I propose a variable duration performance in which I will read excerpts of novels to the audience, one-to-one.
The novels, borrowed from Senate House library collection, will be drawn from the nineteenth century, to accompany the development of psychology. The choice of novels will be based on those that have been termed by literary critics as narrated from the point of view of an unreliable character. The audience will not have access to the text itself, only through the words as spoken by me, with my mispronounced English and my Spanish accent. At times, I may embellish the author’s words with my own (as I am an artist) and it will be the task of the audience to chose to trust, enjoy the additions or leave in horror of the mutilated text. The title itself is a give away, so the audience should be prepared for a little creativity. A matter of consideration will also be the body language between reader and the audience. What will I need to do to win the audience’s trust? How does a reader get her authority? This performance links into the theme of psychology as unreliable narrators have been often labeled as psychologically disturbed.
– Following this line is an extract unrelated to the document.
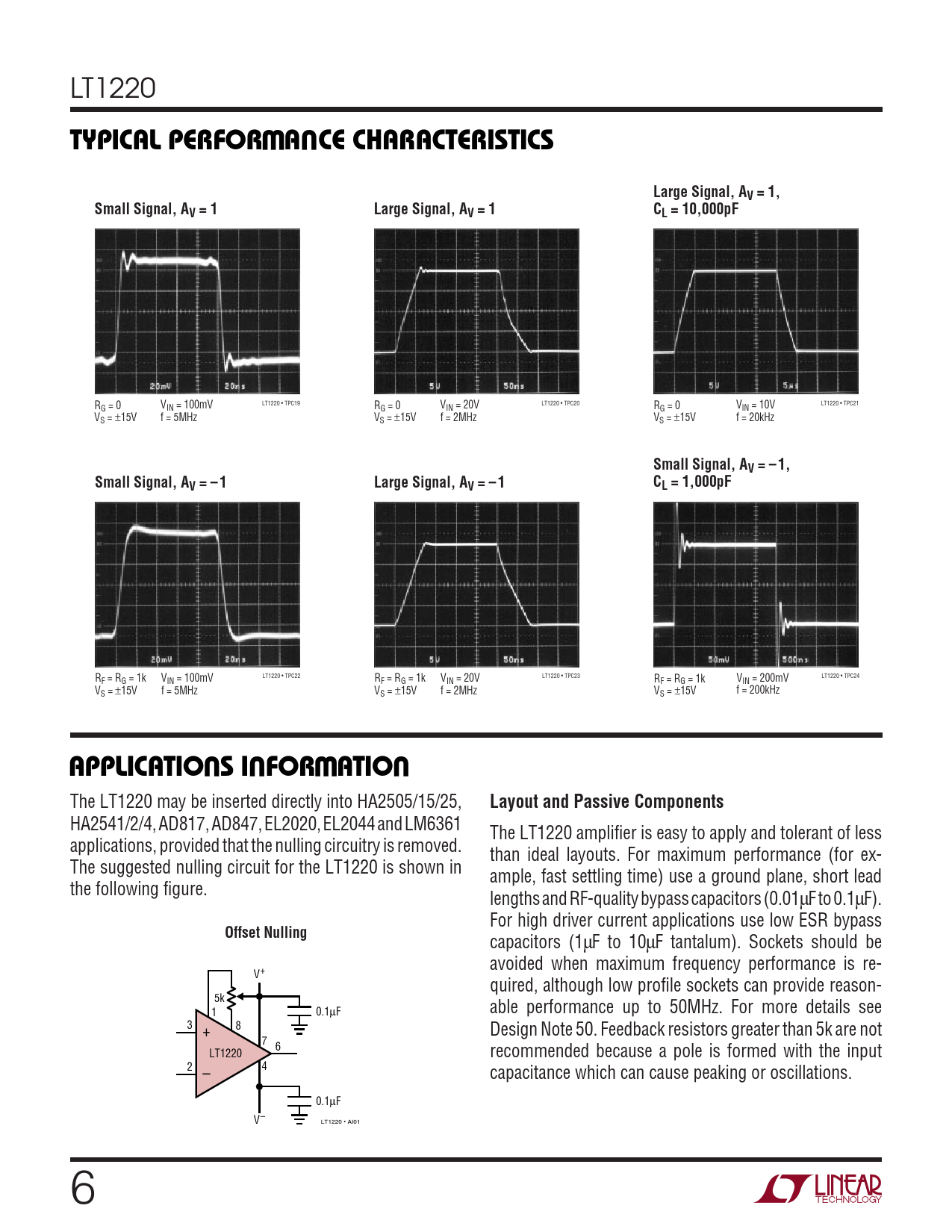 LT1220 WUTYPICAL PERFORMANCE CHARACTERISTICSLarge Signal, AV = 1,Small Signal, ALarge Signal, AV = 1V = 1CL = 10,000pF R LT1220 • TPC19 LT1220 • TPC20 LT1220 • TPC21 G = 0 VIN = 100mV RG = 0 VIN = 20V R V G = 0 IN = 10V VS = ±15V f = 5MHz VS = ±15V f = 2MHz V f = 20kHz S = ±15V Small Signal, AV = – 1,Small Signal, AV = – 1Large Signal, AV = – 1CL = 1,000pF R LT1220 • TPC22 LT1220 • TPC23 LT1220 • TPC24 F = RG = 1k VIN = 100mV RF = RG = 1k VIN = 20V R V F = RG = 1k IN = 200mV VS = ±15V f = 5MHz VS = ±15V f = 2MHz V f = 200kHz S = ±15V UUWUAPPLICATIONS INFORMATION The LT1220 may be inserted directly into HA2505/15/25, Layout and Passive Components HA2541/2/4, AD817, AD847, EL2020, EL2044 and LM6361 The LT1220 amplifier is easy to apply and tolerant of less applications, provided that the nulling circuitry is removed. than ideal layouts. For maximum performance (for ex- The suggested nulling circuit for the LT1220 is shown in ample, fast settling time) use a ground plane, short lead the following figure. lengths and RF-quality bypass capacitors (0.01µF to 0.1µF). For high driver current applications use low ESR bypass Offset Nulling capacitors (1µF to 10µF tantalum). Sockets should be avoided when maximum frequency performance is re- V+ quired, although low profile sockets can provide reason- 5k 1 0.1µF able performance up to 50MHz. For more details see 3 8 + Design Note 50. Feedback resistors greater than 5k are not 7 6 LT1220 recommended because a pole is formed with the input 2 4 – capacitance which can cause peaking or oscillations. 0.1µF V– LT1220 • AI01 6

The piece will require a relatively quiet and intimate space but reading, really, can occur anywhere.
The novels chosen include:
Henry James, The Turn of the Screw (1898)
Emily Brontë, Wuthering Heights (1847)
Wilkie Collins, The Moonstone (1868)
Joseph Conrad, Heart of Darkness (1902)
Charlotte Perkins Gilman, The Yellow Wallpaper (1892)
Nathaniel Hawthorne, The Blithedale Romance (1852)
Jane Austen, Emma (1815)
George Eliot, Adam Bede (1859)
Arthur Conan Doyle, The Sign of Four (1890)
Mark Twain, The Adventures of Huckleberry Finn (1884)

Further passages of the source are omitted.